Jakarta - Wacana untuk mengembalikan wewenang
MPR sebagai lembaga tertinggi kembali menghangat. Pengembalian wewenang MPR itu bisa dilakukan dengan
mengamendemen UUD 1945.
Wacana soal kembalinya wewenang tertinggi MPR lewat amendemen UUD 1945 ini bermula dari kekhawatiran Wakil Presiden Jusuf Kalla (JK). JK khawatir bila UUD 1945 diamendemen, Presiden bisa saja kembali dipilih MPR sebagai lembaga tertinggi negara. Seperti diketahui, saat ini MPR saat ini tengah menggodok penghidupan kembali pembangunan model GBHN lewat amendemen terbatas UUD 1945.

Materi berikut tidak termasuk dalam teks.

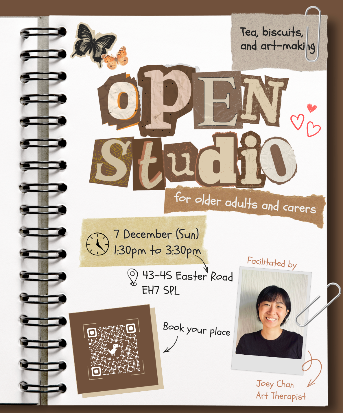 📌 "Saturday 7 December – A cosy Open Studio at CATS for older adults and carers to create, rest, and reconnect. We provide simple art materials, light refreshments, and a welcoming space. Come as you are and make something at your own pace!" - Thanks to Joey Chan, Art Therapist at Creative Arts Therapies Space, for sharing this.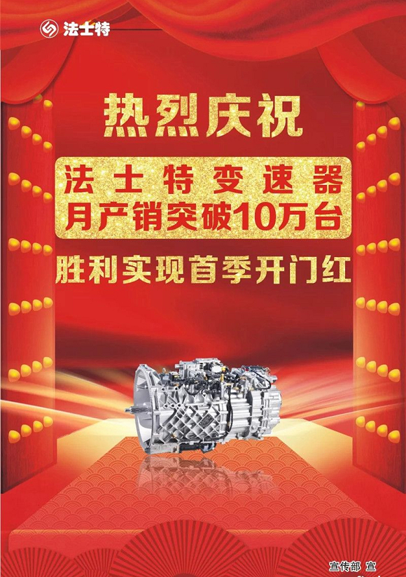 三月份以来,法士特产销两旺,胜利实现首季开门红。法士特变速器月产销突破10万台。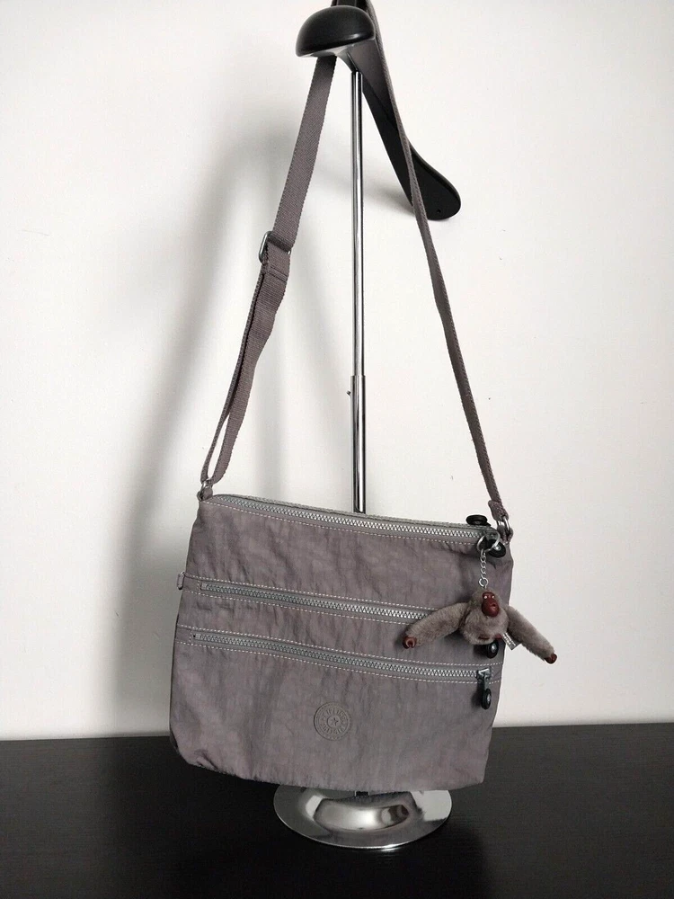 Kipling Women's Tote Zip Bag Crossbody Slate Gray w/ Monkey doll Key Chain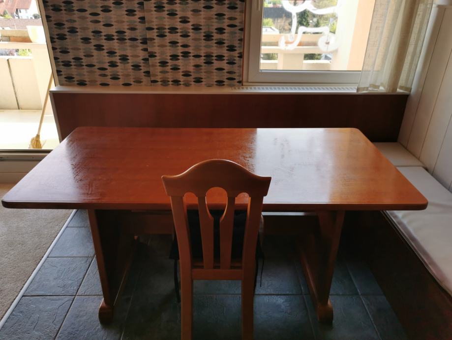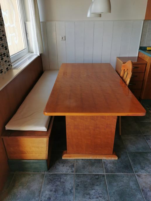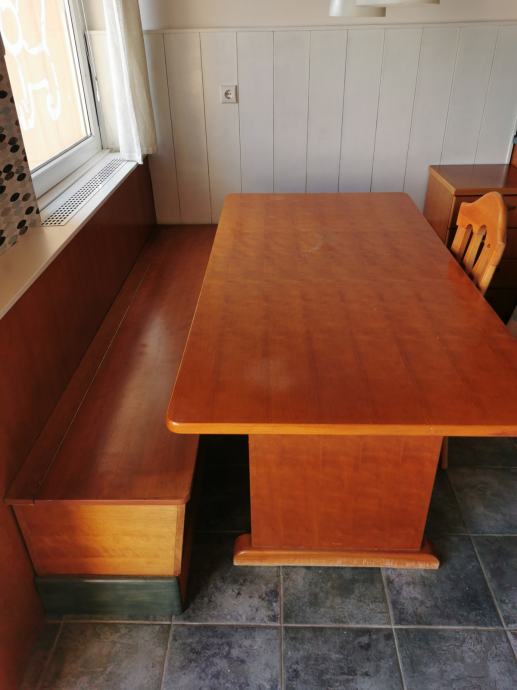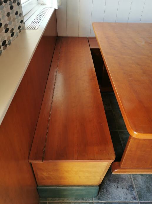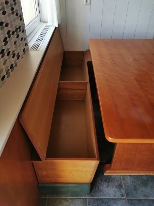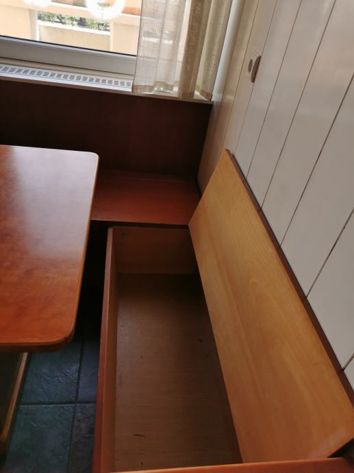 Prodam po meri narejen jedilni kot z mizo, dvemi klopmi s prostorom za shranjevanje in enim stolom.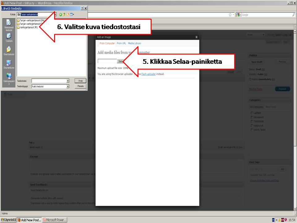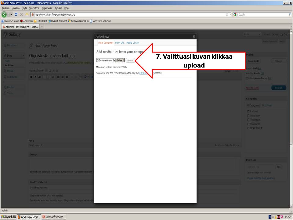 Kohdassa 5 valitaan ensin käyttöön ”Flash uploader”.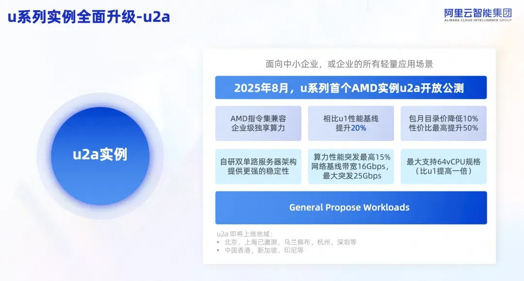 基于AMD EPYC处理器的u2a实例目前处于定向邀测阶段,这是阿里云首个基于AMD处理器的“u”实例,提供了企业级独享算力。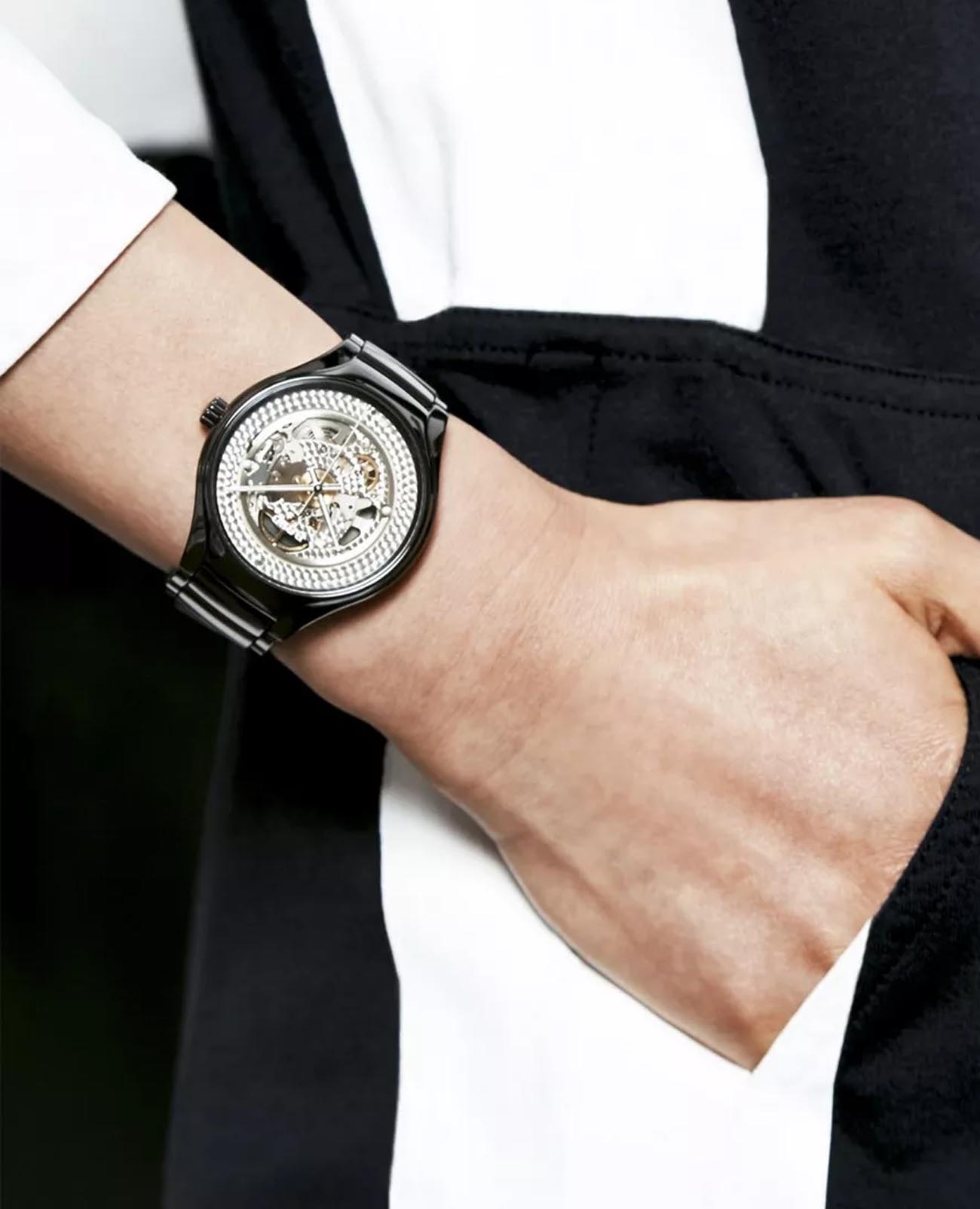 Женские механические швейцарские часы-скелетоны Rado True Shadow Automatic Limited Edition R27100122. Лимитированный выпуск (1001 экземпляр) Kunihiko Morinaga - модель создана при участии известного японского дизайнера Кунихико Моринаги. Сапфировое стеклоСапфировое стеклоПрочный и надёжный материал из кристалла сапфира синтетического происхождения, характеризующийся особой твёрдостью и устойчивостью к царапинам и повреждениям. устойчивое к мелким механическим повреждениям. Корпус часов изготовлен из высокотехнологичной керамикиВысокотехнологичная керамикаИнновационный запатентованный Rado материал с гладкой или матовой поверхностью. Керамика за счёт кристаллической структуры обладает повышенной устойчивостью от возникновения царапин. Материал способен принимать температуру тела человека, обеспечивая невероятный комфорт при ношении.. Скелетонизированный циферблат. Класс водозащиты: 50 метров, позволит защитить корпус от случайных брызг или капель дождя. Браслет высокотехнологичной керамикиВысокотехнологичная керамикаИнновационный запатентованный Rado материал с гладкой или матовой поверхностью. Керамика за счёт кристаллической структуры обладает повышенной устойчивостью от возникновения царапин. Материал способен принимать температуру тела человека, обеспечивая невероятный комфорт при ношении. на застёжке «бабочка» с кнопкамиЗастёжка "бабочка"Такой вид застёжки дополняется предохранителями, помогающими избежать случайного раскрытия браслета. Обладают изящным исполнением. .
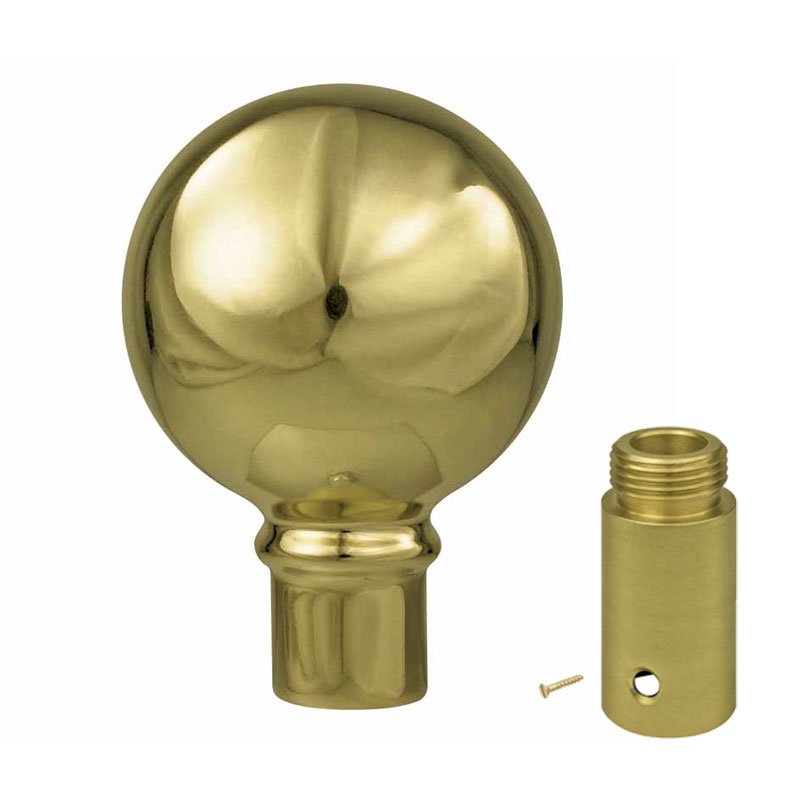 Metal Parade Ball Flagpole Ornament. Use the “No Spindle or Ferrule” option for our deluxe and budget aluminum poles. Use the “With Ferrule” option for our Oak Poles. Use the “Spindle” option for converting ornament for use on an outdoor flagpole truck with 1/2″ threading.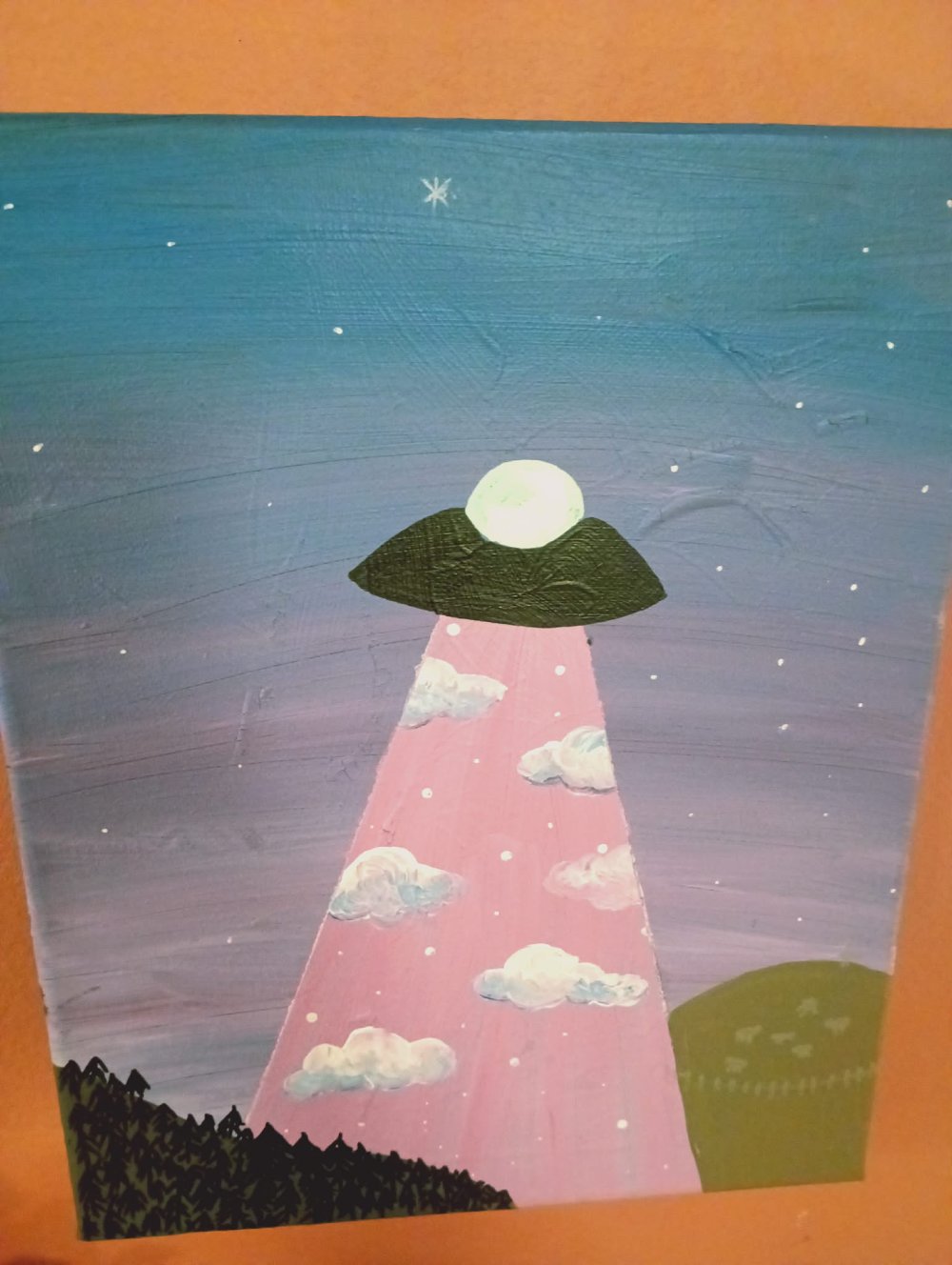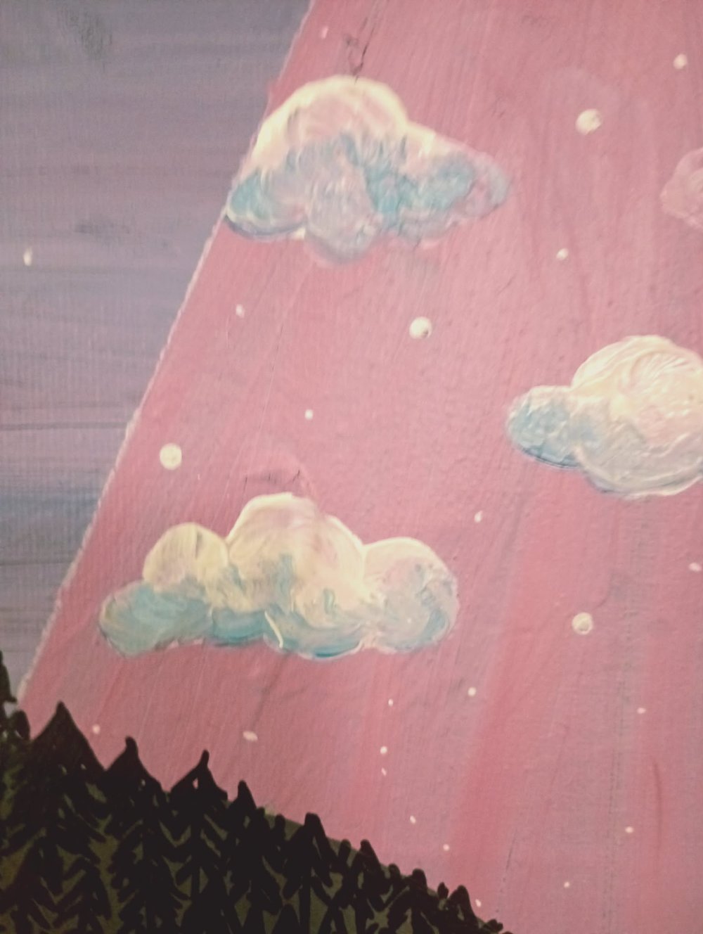 Tableau fait main à l'acrylique, sur une toile recyclée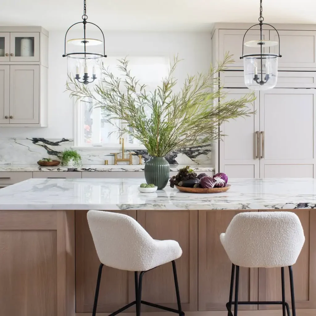 ترکیب چوب گرم، مرمر با رگههای نمایشی و شیشه شفاف، فضا را لایهدار و دعوتکننده میکند. از آن انتخابهایی است که آشپزخانه را واقعاً «قلب خانه» نشان میدهد؛ مناسب صبحانه، گپهای شبانه و همه چیز بین این دو.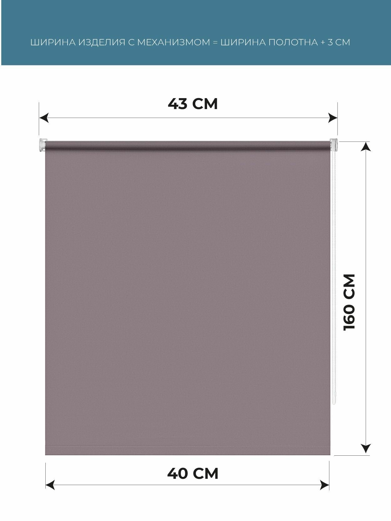 Рулонные шторы однотонные 40 см x 160 см Пыльная роза Плайн DECOFEST (Мини)

"Itu rumit lagi, berisiko. Banyak perubahan yang rakyat belum tentu setuju. Contoh, presiden dipilih MPR karena lembaga tertinggi. Maka dia berhak memilik presiden. Kalau gitu lain lagi soal," kata JK di Kantor Wakil Presiden, Jalan Medan Merdeka Utara, Jakarta Pusat, Selasa (13/8/2019).
Dia mempertanyakan apakah hal tersebut akan disetujui rakyat. Alasannya, hak rakyat untuk memilih presiden secara langsung bisa hilang jika MPR kembali diberi mandat oleh UUD 1945 untuk memilih presiden dan wapres.
SCROLL TO CONTINUE WITH CONTENT
"Apakah rakyat setuju haknya diambil untuk pemilihan langsung," ujar JK.
Beberapa partai politik turut berkomentar terkait wacana MPR jadi lembaga tertinggi lewat amendemen UUD 1945. Partai Gerindra sepakat dengan JK. Gerindra menyebut wacana pengembalian wewenang tertinggi MPR sebagai kemunduran demokrasi.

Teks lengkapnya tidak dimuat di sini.